WHAT THE TASK ASKS — Up to and including the line that contains "Deluxe Mandalorian silver", write out every line of the entries exactly, beginning with the first. Omit the pictures.
DATASET Start Marker
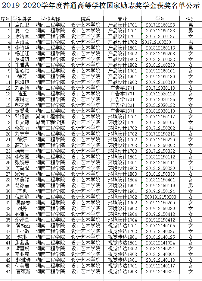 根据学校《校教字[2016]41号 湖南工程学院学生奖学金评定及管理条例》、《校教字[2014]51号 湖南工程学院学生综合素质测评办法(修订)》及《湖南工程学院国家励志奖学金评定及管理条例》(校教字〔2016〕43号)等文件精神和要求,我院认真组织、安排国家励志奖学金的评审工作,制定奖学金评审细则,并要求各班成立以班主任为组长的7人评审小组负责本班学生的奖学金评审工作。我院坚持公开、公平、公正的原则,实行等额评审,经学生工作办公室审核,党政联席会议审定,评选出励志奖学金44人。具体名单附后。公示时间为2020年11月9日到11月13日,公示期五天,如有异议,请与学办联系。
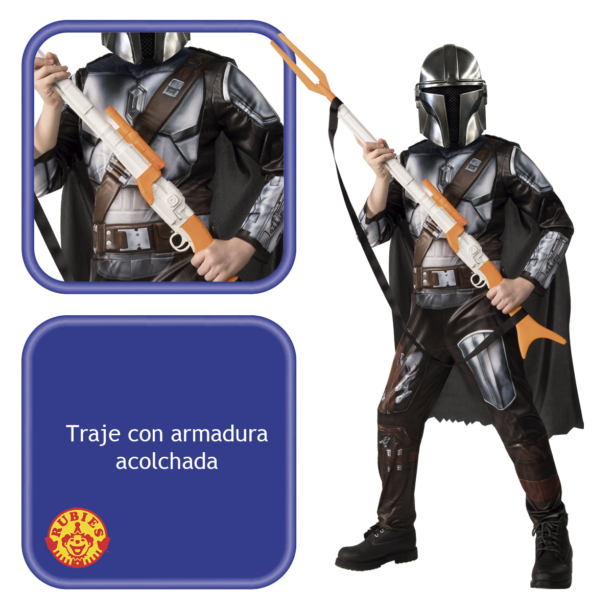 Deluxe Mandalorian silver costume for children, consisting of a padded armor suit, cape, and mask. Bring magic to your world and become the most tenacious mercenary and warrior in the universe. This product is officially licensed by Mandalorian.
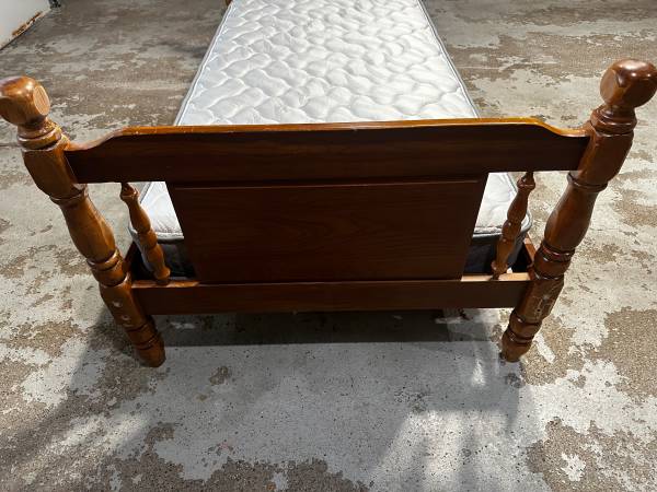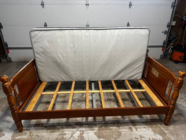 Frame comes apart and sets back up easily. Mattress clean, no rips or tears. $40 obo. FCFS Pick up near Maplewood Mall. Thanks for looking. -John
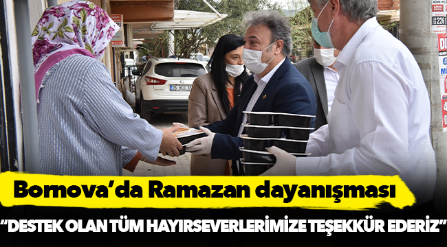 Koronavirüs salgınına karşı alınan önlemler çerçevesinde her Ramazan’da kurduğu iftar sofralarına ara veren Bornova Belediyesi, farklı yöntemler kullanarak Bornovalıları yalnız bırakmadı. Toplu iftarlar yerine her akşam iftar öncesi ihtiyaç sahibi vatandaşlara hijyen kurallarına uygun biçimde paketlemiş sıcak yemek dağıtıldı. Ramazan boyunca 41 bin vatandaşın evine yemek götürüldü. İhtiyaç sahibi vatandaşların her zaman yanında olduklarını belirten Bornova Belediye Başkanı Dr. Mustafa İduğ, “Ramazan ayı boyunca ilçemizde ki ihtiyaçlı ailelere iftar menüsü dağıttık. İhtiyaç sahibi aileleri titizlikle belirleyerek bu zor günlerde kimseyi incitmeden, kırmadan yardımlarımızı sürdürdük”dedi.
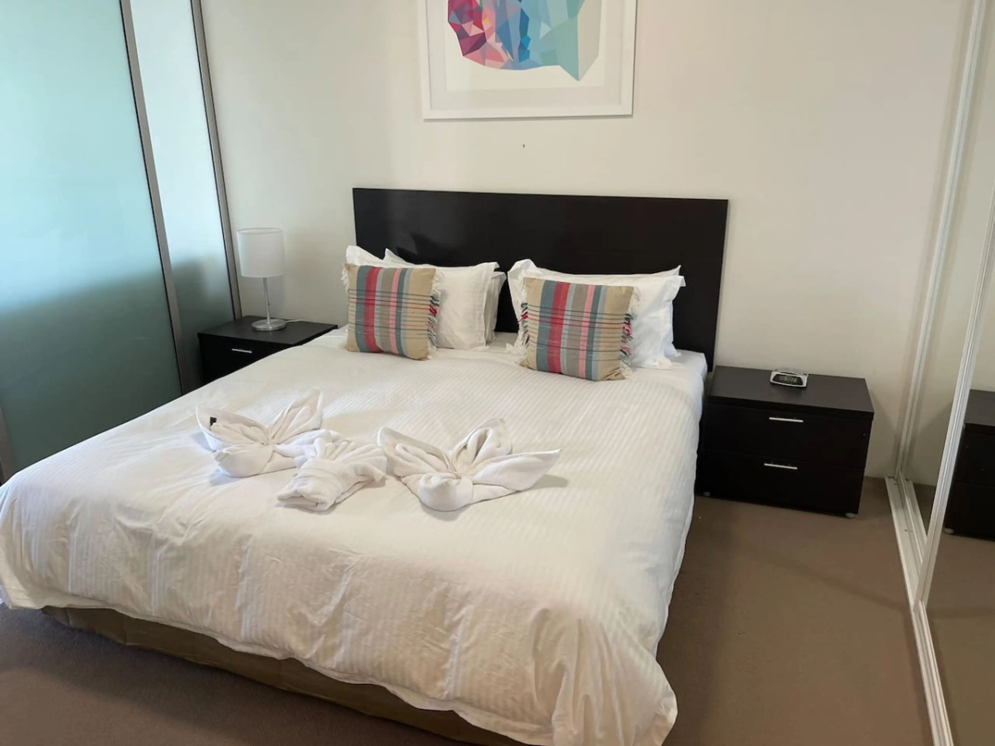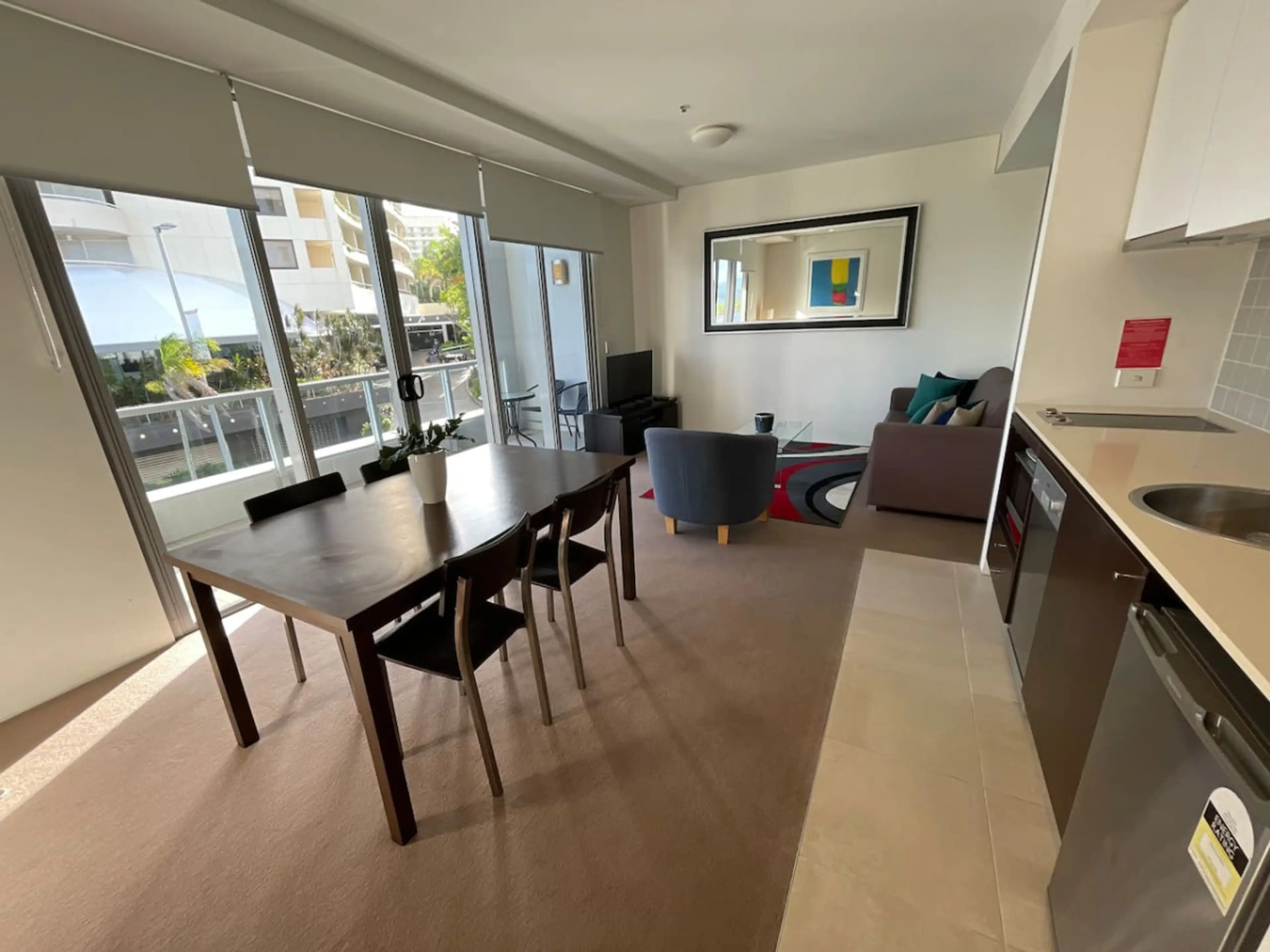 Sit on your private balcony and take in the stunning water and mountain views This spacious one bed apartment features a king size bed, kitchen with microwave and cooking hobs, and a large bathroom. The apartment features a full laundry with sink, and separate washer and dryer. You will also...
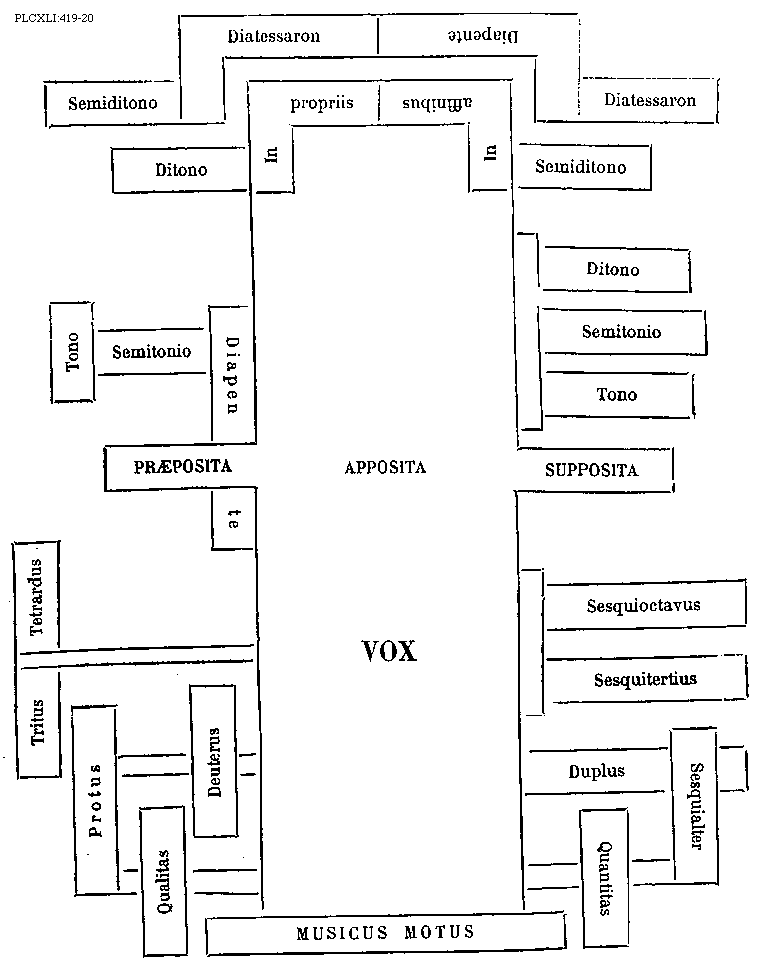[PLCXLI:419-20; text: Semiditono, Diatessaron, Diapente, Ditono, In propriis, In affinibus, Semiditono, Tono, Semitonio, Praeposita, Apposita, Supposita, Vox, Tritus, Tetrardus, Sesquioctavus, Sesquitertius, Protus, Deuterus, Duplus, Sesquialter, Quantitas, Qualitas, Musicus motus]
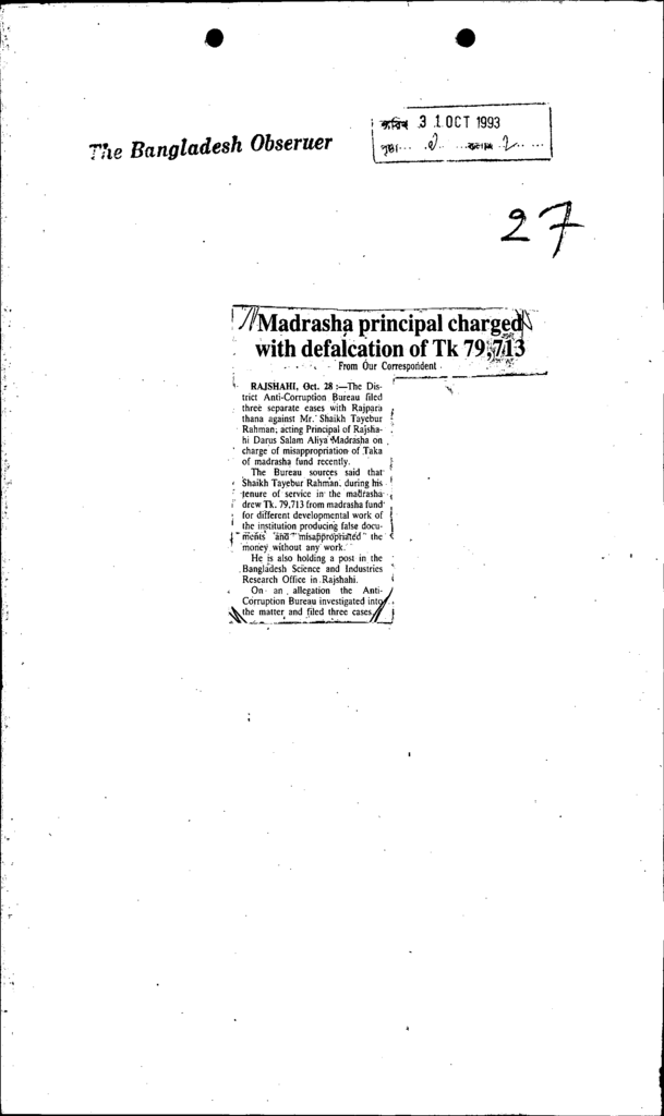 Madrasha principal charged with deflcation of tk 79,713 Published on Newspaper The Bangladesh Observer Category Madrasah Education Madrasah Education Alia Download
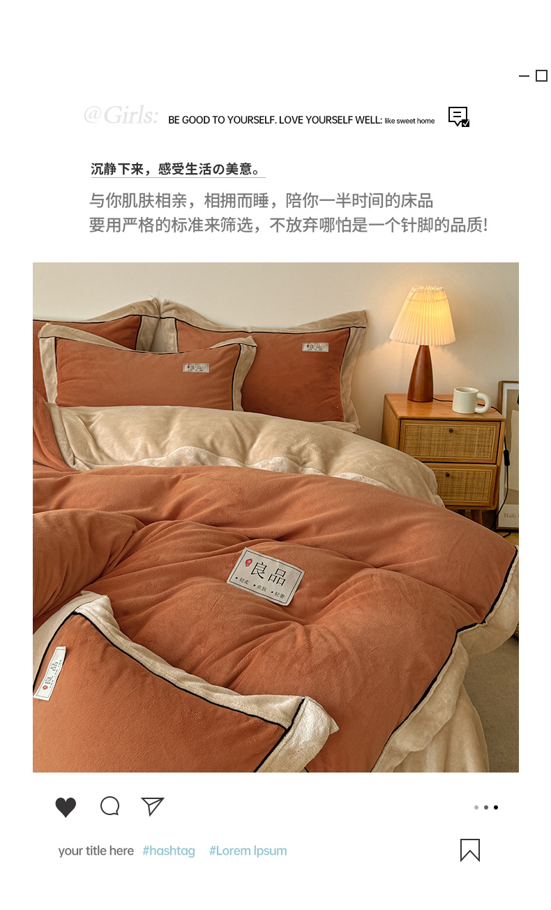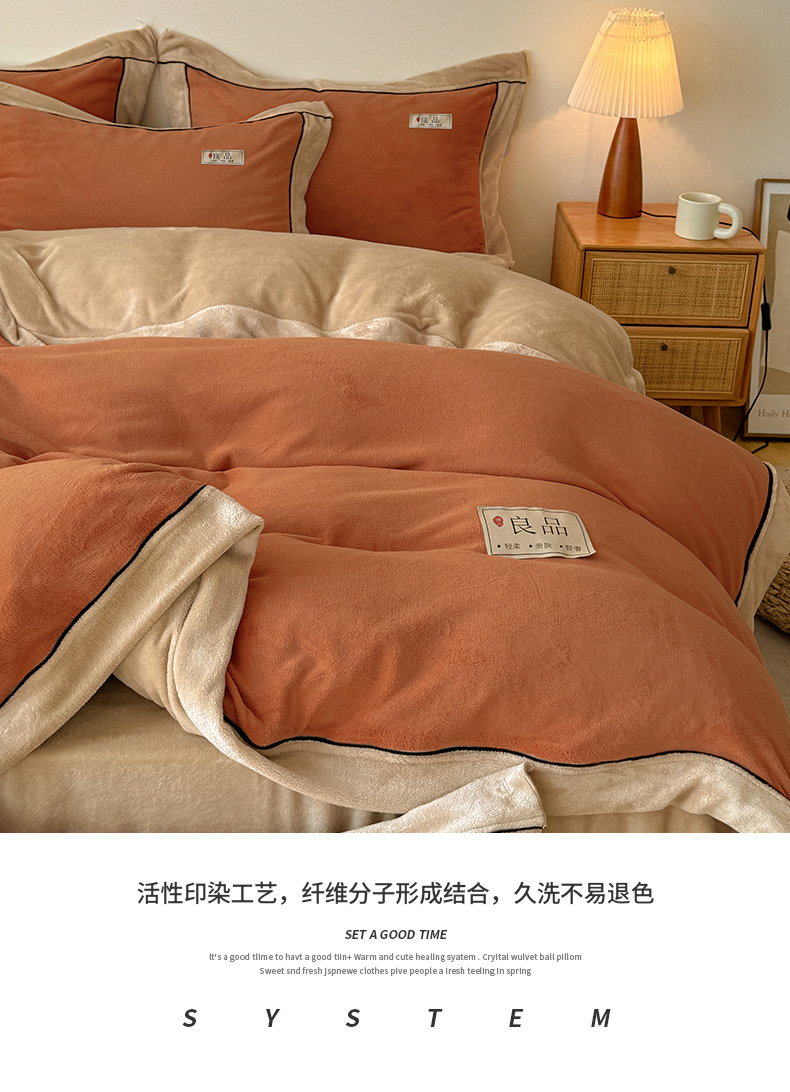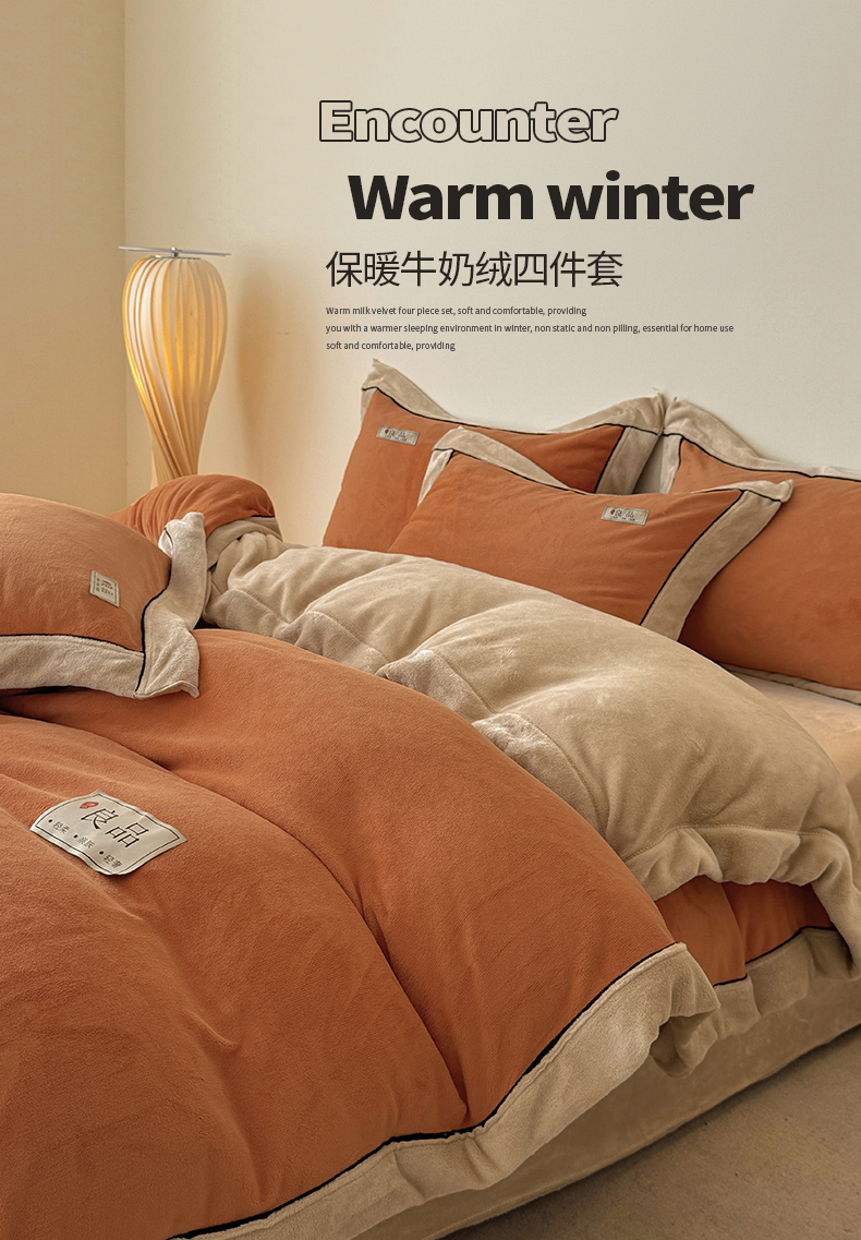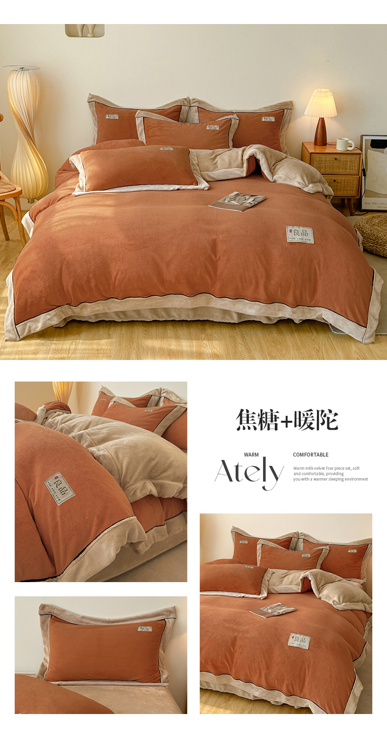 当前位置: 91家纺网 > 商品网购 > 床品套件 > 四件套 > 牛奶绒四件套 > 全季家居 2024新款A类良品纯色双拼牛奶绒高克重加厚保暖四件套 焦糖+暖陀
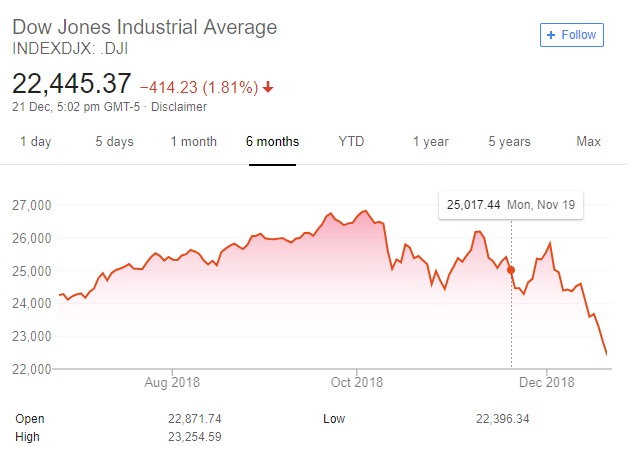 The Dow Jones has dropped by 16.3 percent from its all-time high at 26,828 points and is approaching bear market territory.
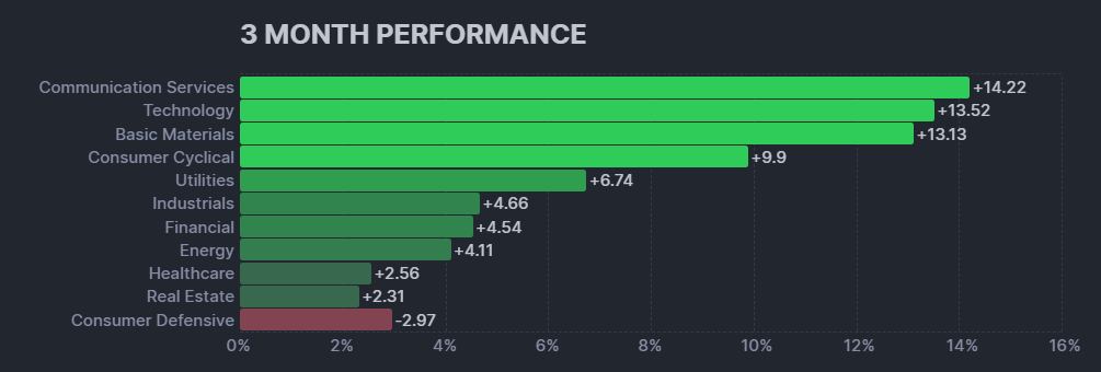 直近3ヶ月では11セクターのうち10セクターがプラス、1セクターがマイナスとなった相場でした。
DATASET End Marker
EXERCISE OUTPUT —
 根据学校《校教字[2016]41号 湖南工程学院学生奖学金评定及管理条例》、《校教字[2014]51号 湖南工程学院学生综合素质测评办法(修订)》及《湖南工程学院国家励志奖学金评定及管理条例》(校教字〔2016〕43号)等文件精神和要求,我院认真组织、安排国家励志奖学金的评审工作,制定奖学金评审细则,并要求各班成立以班主任为组长的7人评审小组负责本班学生的奖学金评审工作。我院坚持公开、公平、公正的原则,实行等额评审,经学生工作办公室审核,党政联席会议审定,评选出励志奖学金44人。具体名单附后。公示时间为2020年11月9日到11月13日,公示期五天,如有异议,请与学办联系。
 Deluxe Mandalorian silver costume for children, consisting of a padded armor suit, cape, and mask. Bring magic to your world and become the most tenacious mercenary and warrior in the universe. This product is officially licensed by Mandalorian.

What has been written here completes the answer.